I wonder, what is the fastest way to accomplish this kind of task in PostgreSQL. I am interested in the fastest solutions ever possible.

It would help if we really understood your use-case. If you want to fully reset your database to a known starting state for test runs, why not just have a base database initialized exactly as you wish, say "test_base", then just drop your test database and create the new database from your template:
drop database test;
create database test template test_base;

This should be very fast but it won't allow you to exclude individual tables.

Are you interested in absolute fastest as a mind-game or is there a specific use requirement, i.e. how fast is fast enough? This is the basic starting point for tuning, hardware selection, etc.

Truncate should be extremely fast but on tables that are as tiny as yours the difference may not be visible to an end-user. I just tried a "delete from" to empty a 10,000 record table and it took 14 milliseconds so you could do your maximum of 100 tables each containing 10-times your max number of records in less than two seconds.

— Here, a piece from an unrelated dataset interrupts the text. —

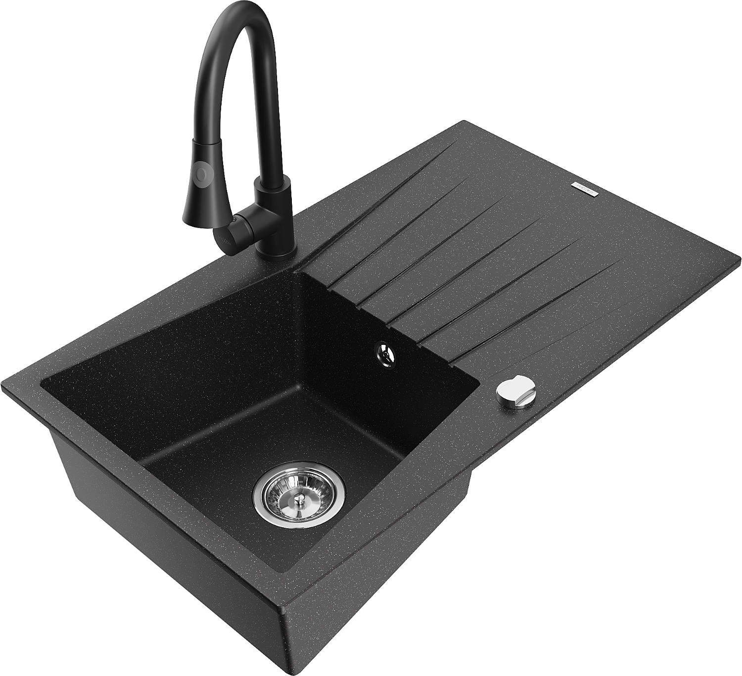 Mexen Cesar chiuvetă de granit cu 1 compartiment cu scurgător și baterie de bucătărie Elia, negru/argintiu metalic
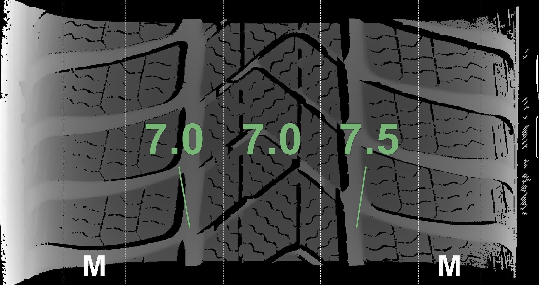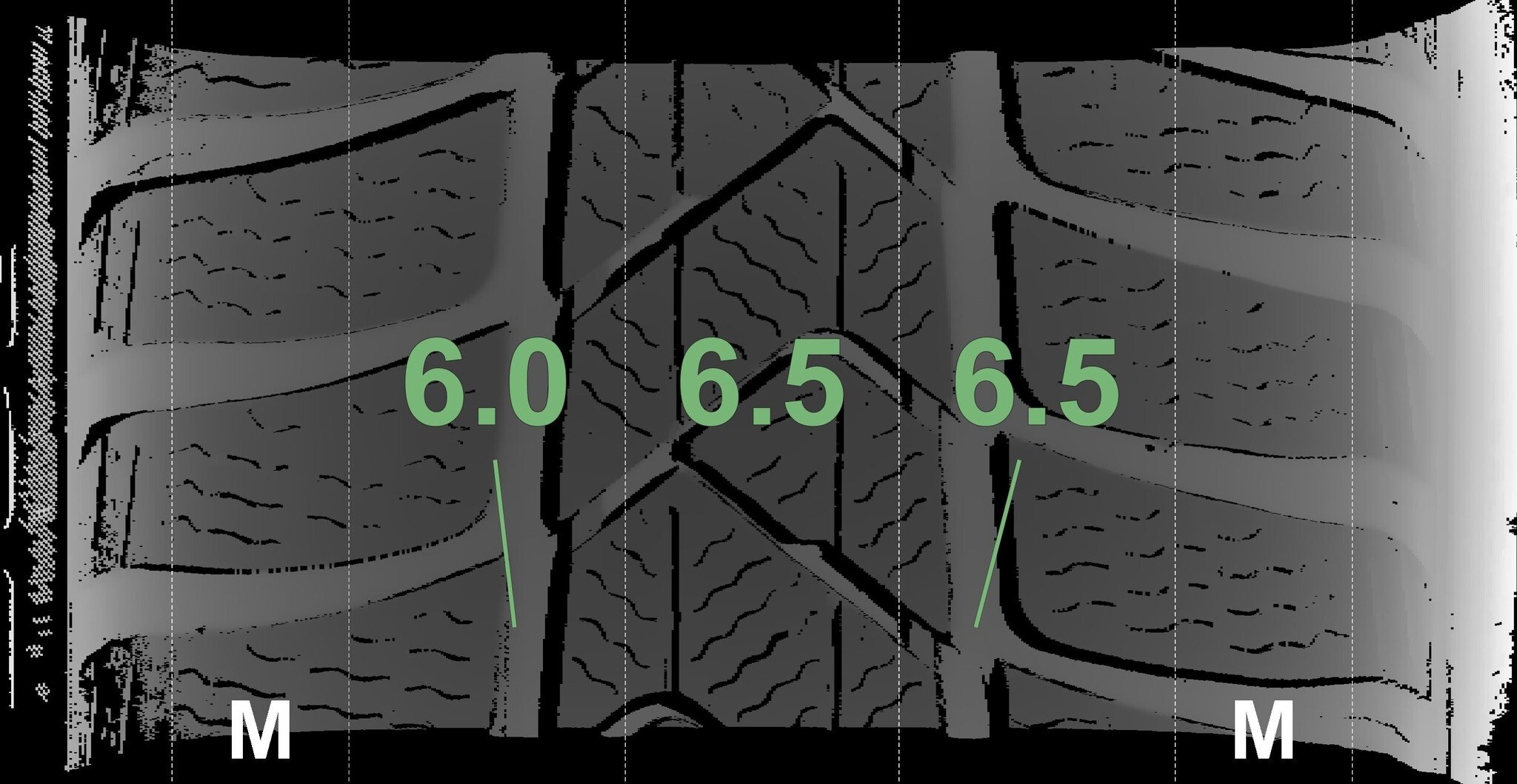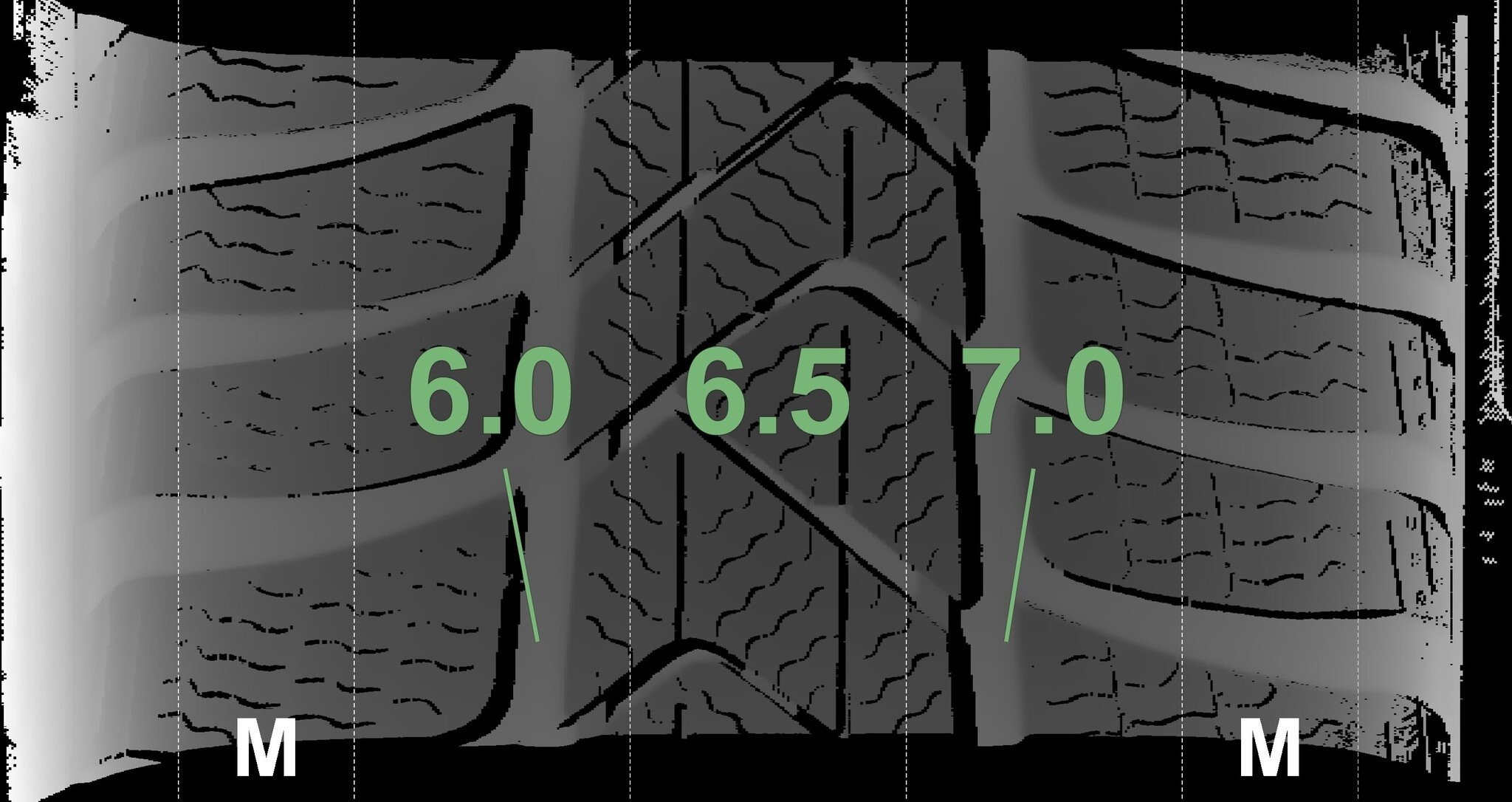 De gemeten profieldieptes en de details van de velgen zijn hierboven weergegeven.

Regardless of the method you choose, you need to be sure that nobody is accessing the database when you reset it. The drop/create database method will, of course, require and enforce that. Truncate requires an exclusive lock so it may appear to be very slow if it is waiting to get that lock. And even if you don't have locking issues, your reluctance to wrap your reset code in transactions means that a client could be updating some table or tables whenever the reset script isn't actively working on that same table leading to unexplained weird test results.